Выбрать главу

— Ты хочешь устроить мне вторую Сиву? — проворчал я в ответ, прекрасно понимая, что такие указания идут не из головы Птолемея, а от желания царя. Но мой хозяин только пожал плечами:

— Не знаю, но предполагаю, что это будет что-то… — он обратил глаза вверх, подбирая слова, — более… значимое. Если нужно было бы просто доставить письмо, то отправили бы обычного гонца, а ты туда едешь, чтобы понять настроения, с кем мы имеем дело — друзьями или врагами? Если друзьями, то подробно расскажешь, как нужно провести встречу жителей города и его правителей с царем Александром, так, чтобы ему понравилось. Если же они запрут ворота, как было в Галикарнасе или в Тире, то ты станешь заложником. Один плен ты уже пережил, и второй — переживешь.
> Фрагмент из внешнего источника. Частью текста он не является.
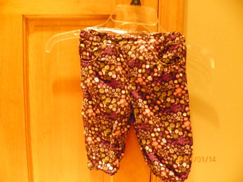 Shell: 100% cottonlining: 100% cotton.Purple, pink and green flowers. 2 side pockets. elastic and adjustable waist. 2 small bows at the end. Read More...H&M baby girls pants size 4-6 months Technical Details
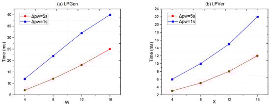 Figure 12a illustrates the linear growth of the location proof generation time with the number of witnesses X and that it varies inversely with the password generation interval . However, even when setting s, the overall proof generation overhead is only a few tens of milliseconds. This feature enables our PPPoL scheme to support instant location verification.
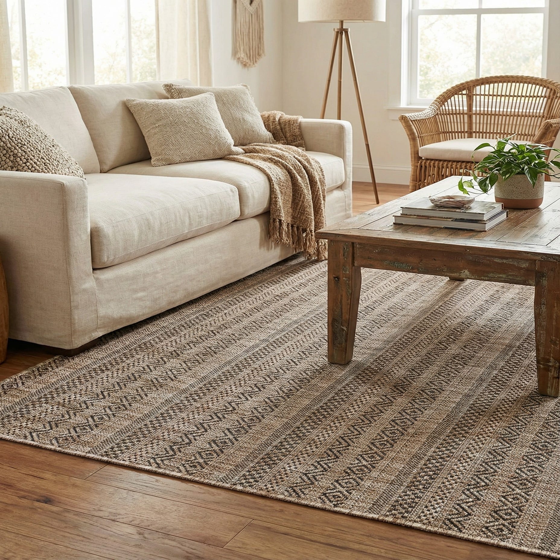 Primary color is Natural. Colors in this rug include: Natural, Black, Ivory.
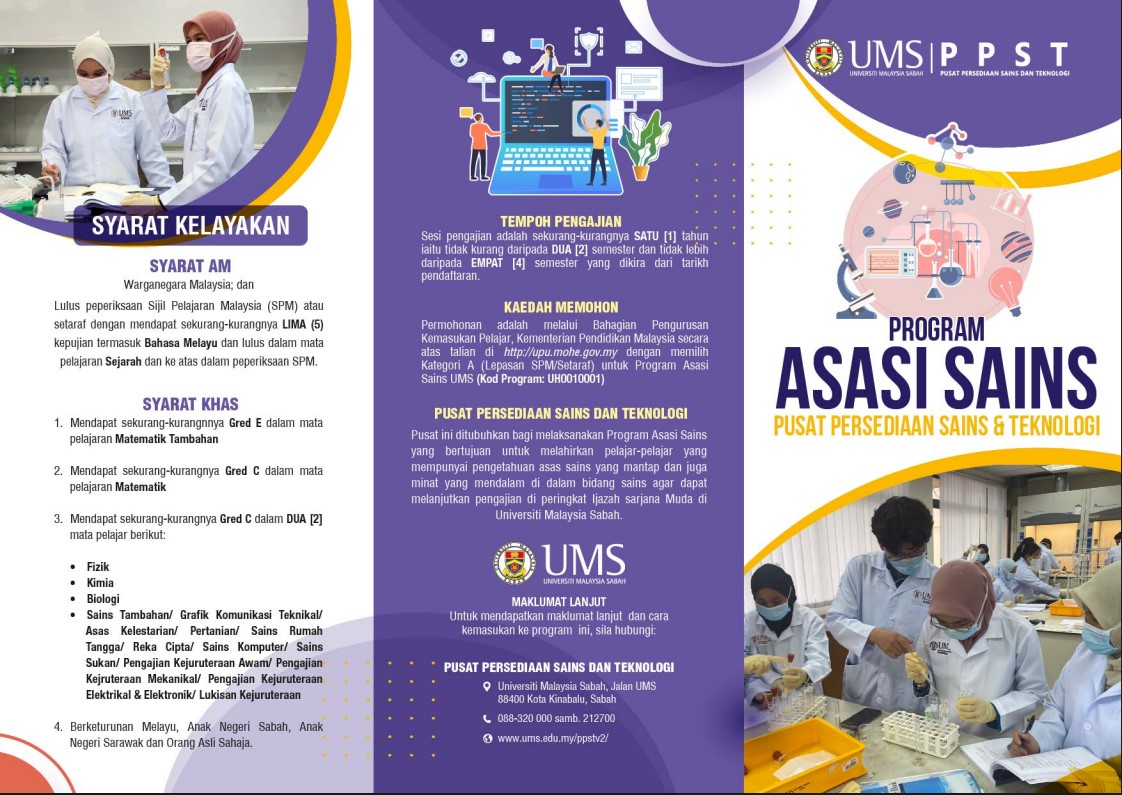 Student who have completed their studies and passed accordingly to the standards determined at the Preparatory Centre for Science and Technology will continue to further their undergraduate studies for the award of Bachelor's Degree with Honours at the Universiti Malaysia Sabah ONLY.
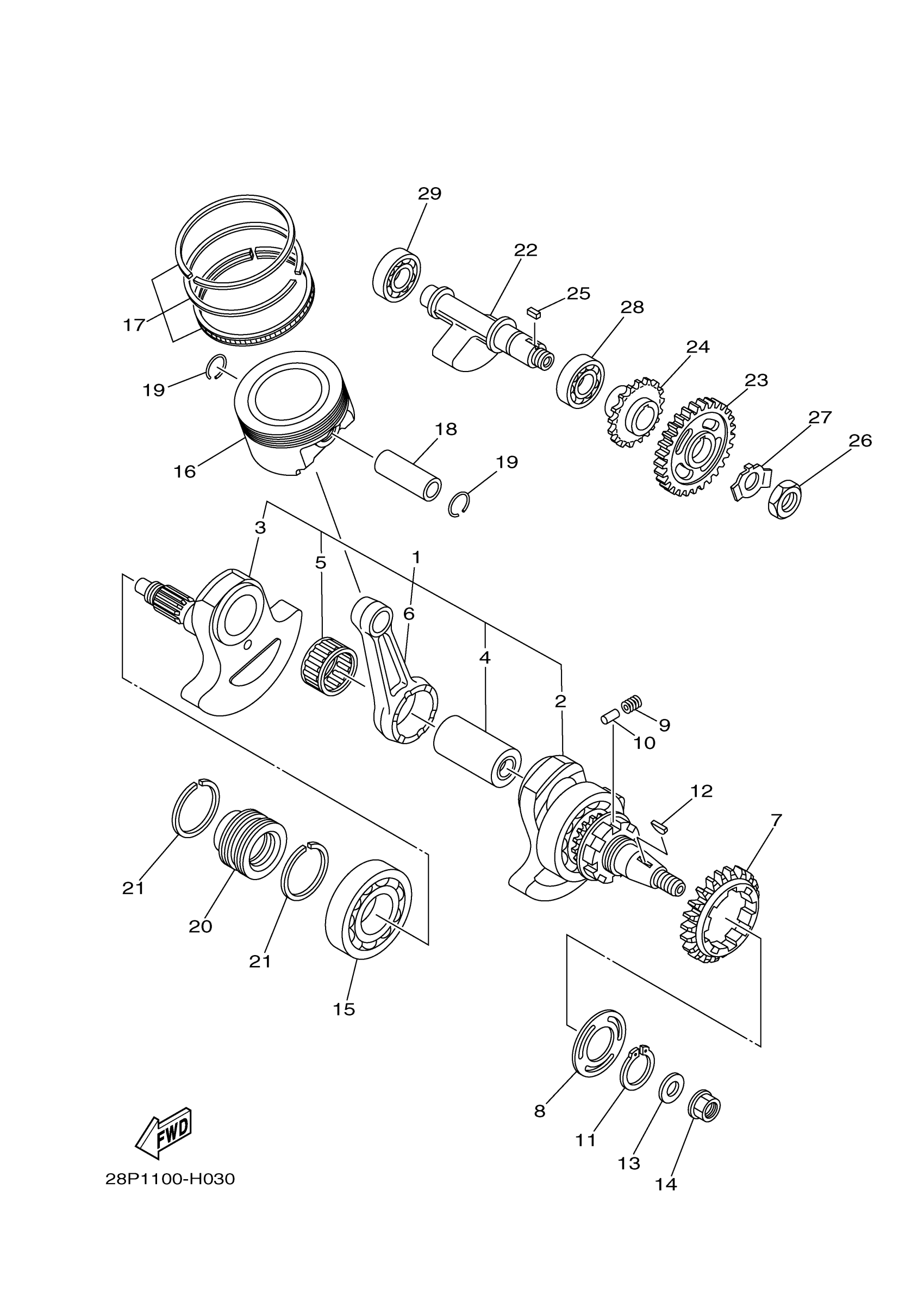 Yamaha YFM5FGZL (GRIZZLY 550 FI 4WD) 28P7 2010 CRANKSHAFT PISTON Diagram
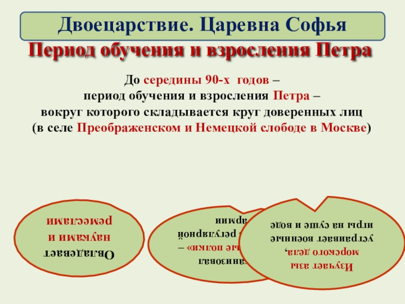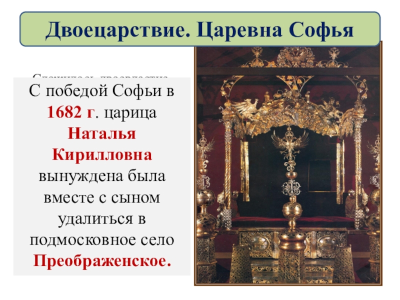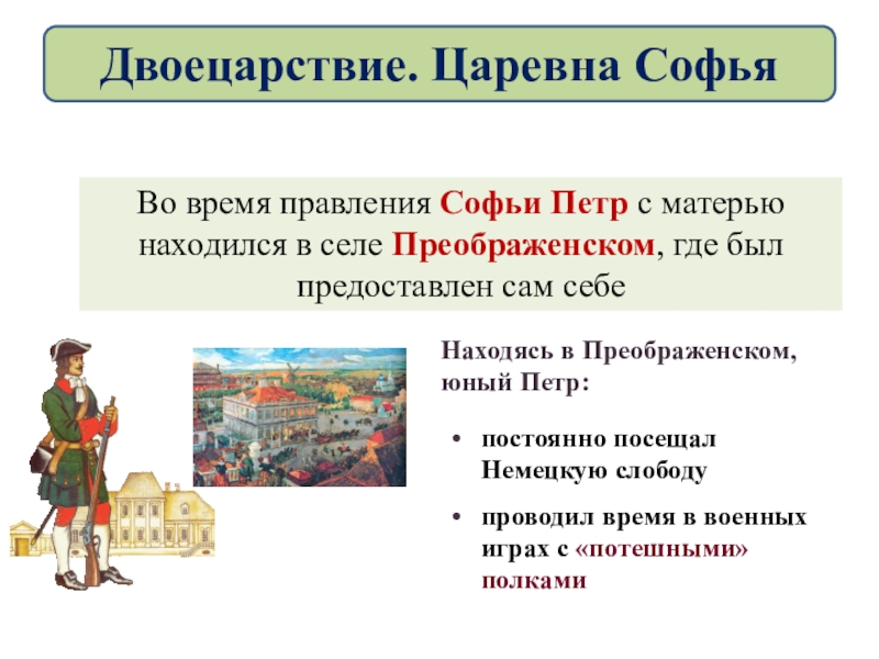 С победой Софьи в 1682 г. царица Наталья Кирилловна вынуждена была вместе с сыном удалиться в подмосковное село Преображенское.

— А если меня сразу обезглавят? Не спрашивая? — продолжал настаивать я.

— Не думаю. Что-то мне подсказывает — с царем Александром все эти персидские вельможи смогут сохранить и власть, и богатства, так им и передай! Один царь ушел, а следующий царь царей уже стоит под стенами. Можешь рассказать истории о всех прорицателях и знаках, которые тебе известны. В общем, тебе должны довериться, — он намеренно сделал ударение на последнем слове.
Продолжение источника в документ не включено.